━━ Data provided

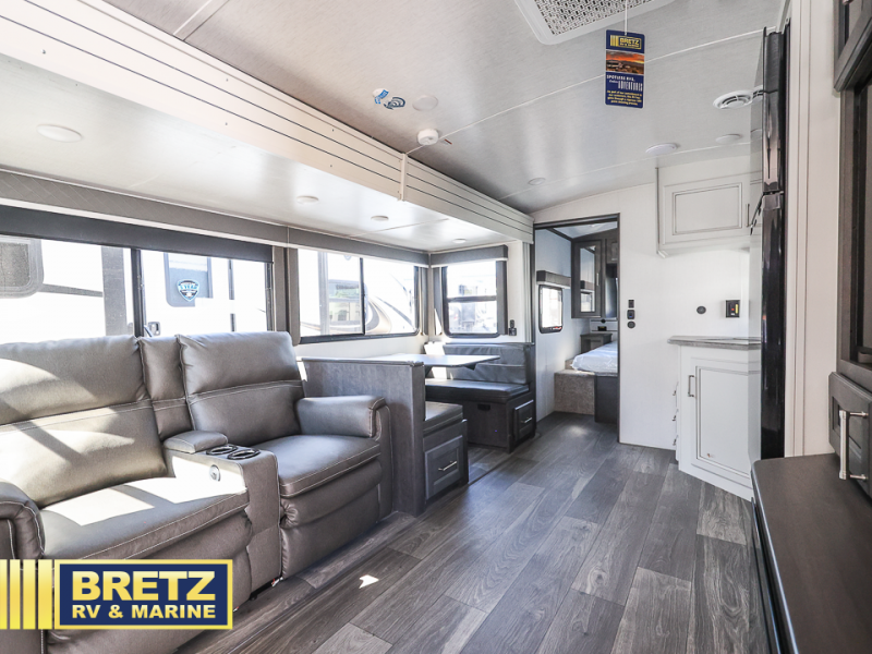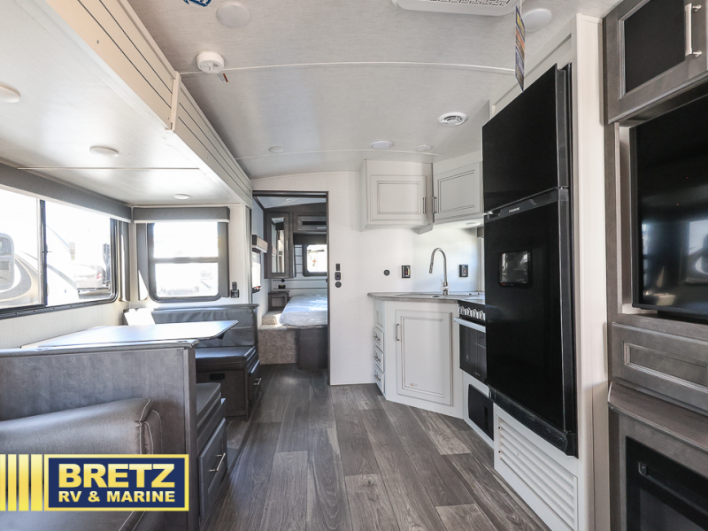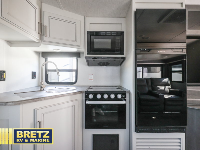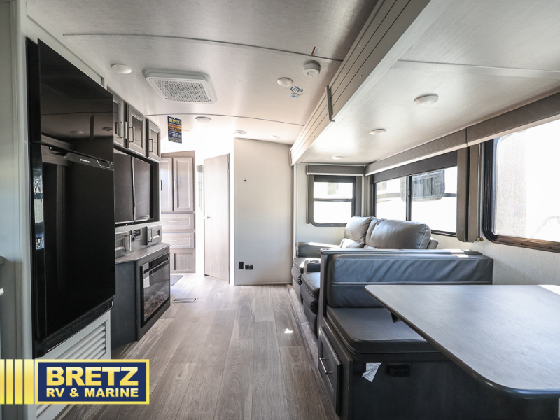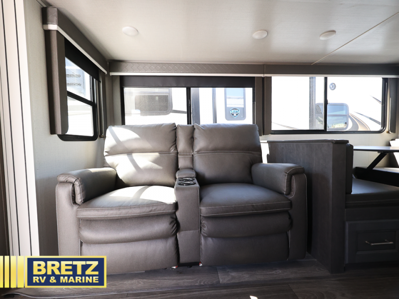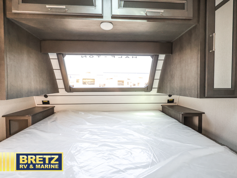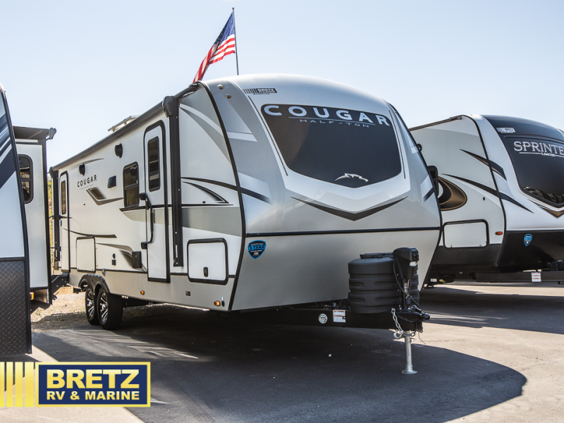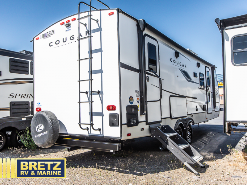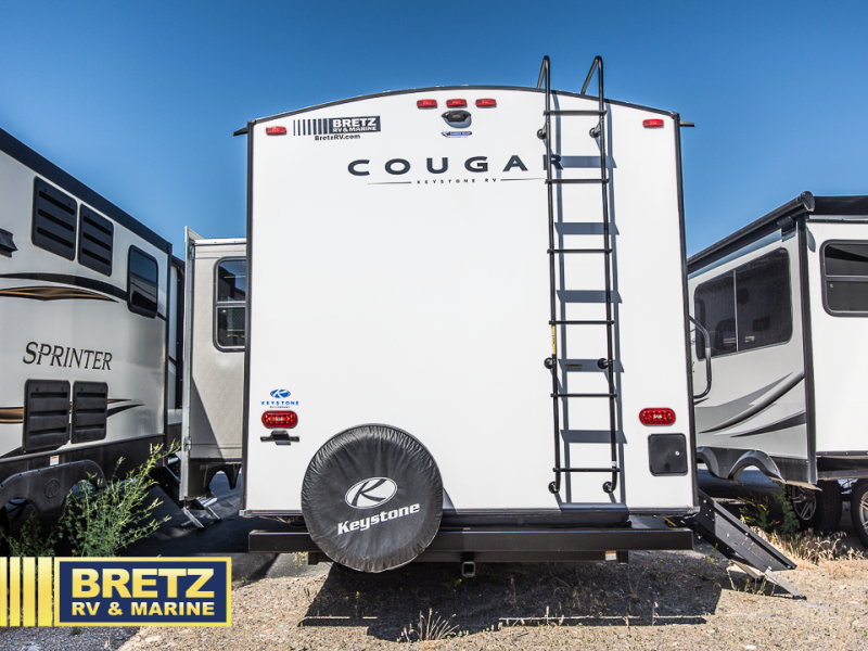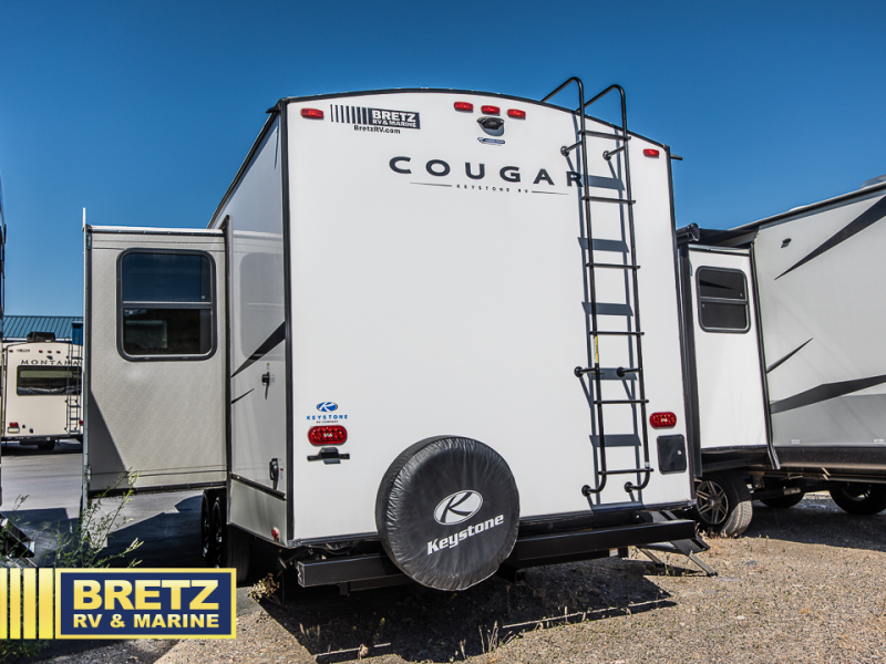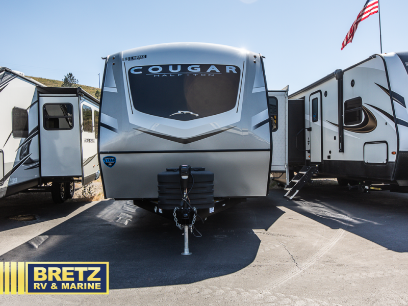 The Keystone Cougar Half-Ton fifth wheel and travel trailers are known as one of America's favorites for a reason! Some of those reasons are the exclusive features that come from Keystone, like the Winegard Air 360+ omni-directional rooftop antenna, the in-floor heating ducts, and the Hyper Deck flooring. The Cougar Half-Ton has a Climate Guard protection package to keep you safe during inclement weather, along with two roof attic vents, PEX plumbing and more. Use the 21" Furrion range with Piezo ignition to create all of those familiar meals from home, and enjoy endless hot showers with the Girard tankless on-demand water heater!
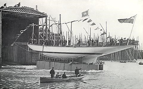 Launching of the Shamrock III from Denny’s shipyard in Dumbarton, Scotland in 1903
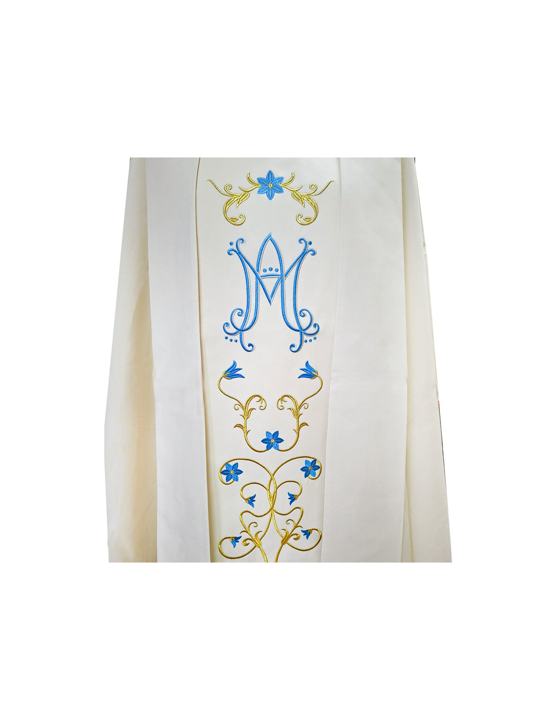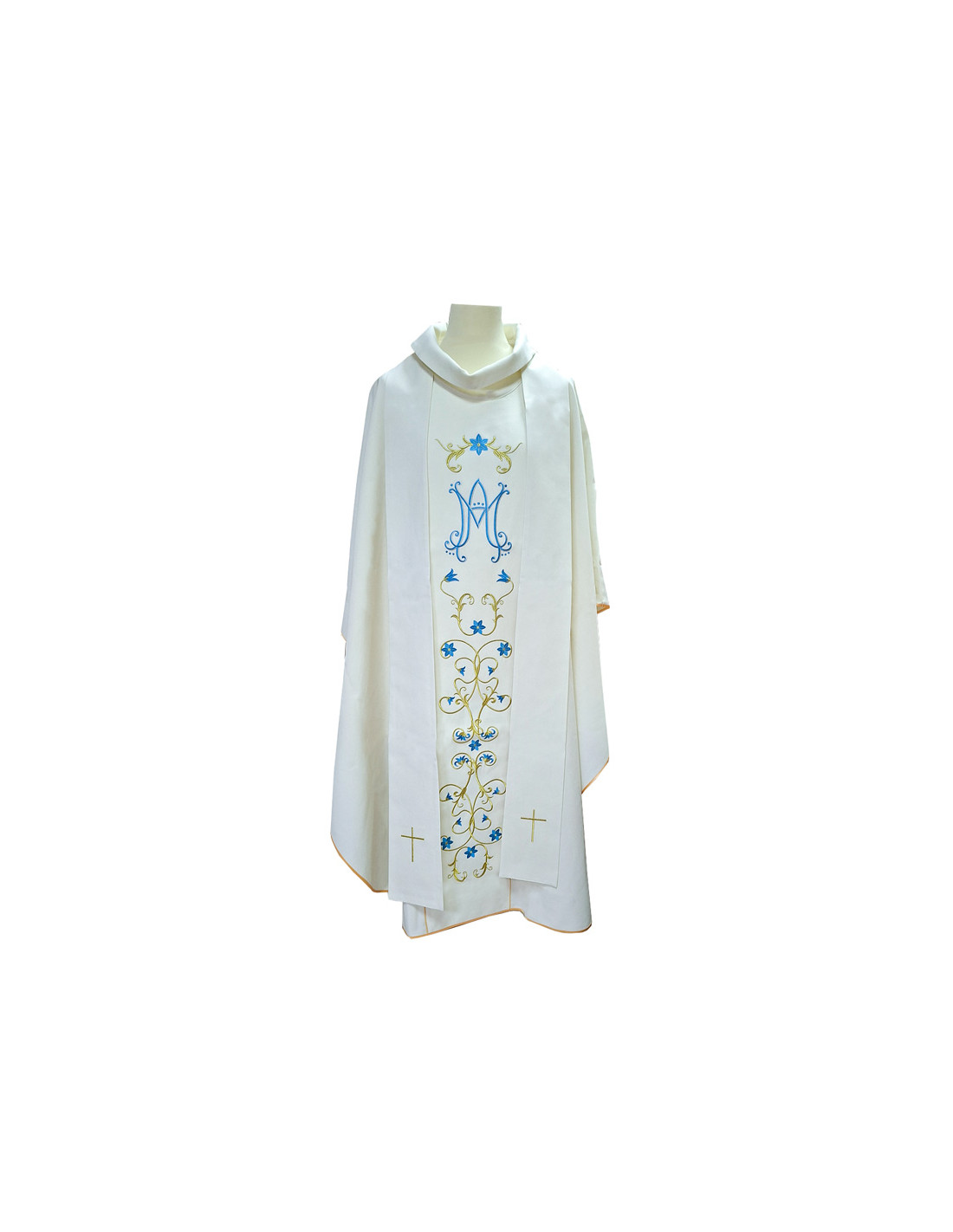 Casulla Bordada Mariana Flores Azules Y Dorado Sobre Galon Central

━━━━

* _Task objective_: Return exactly the lines starting at the line with "Launching of the" and ending at the last line of the listing, both ends included; pictures are to be left out.

* _Task output_:
 Launching of the Shamrock III from Denny’s shipyard in Dumbarton, Scotland in 1903
 Casulla Bordada Mariana Flores Azules Y Dorado Sobre Galon Central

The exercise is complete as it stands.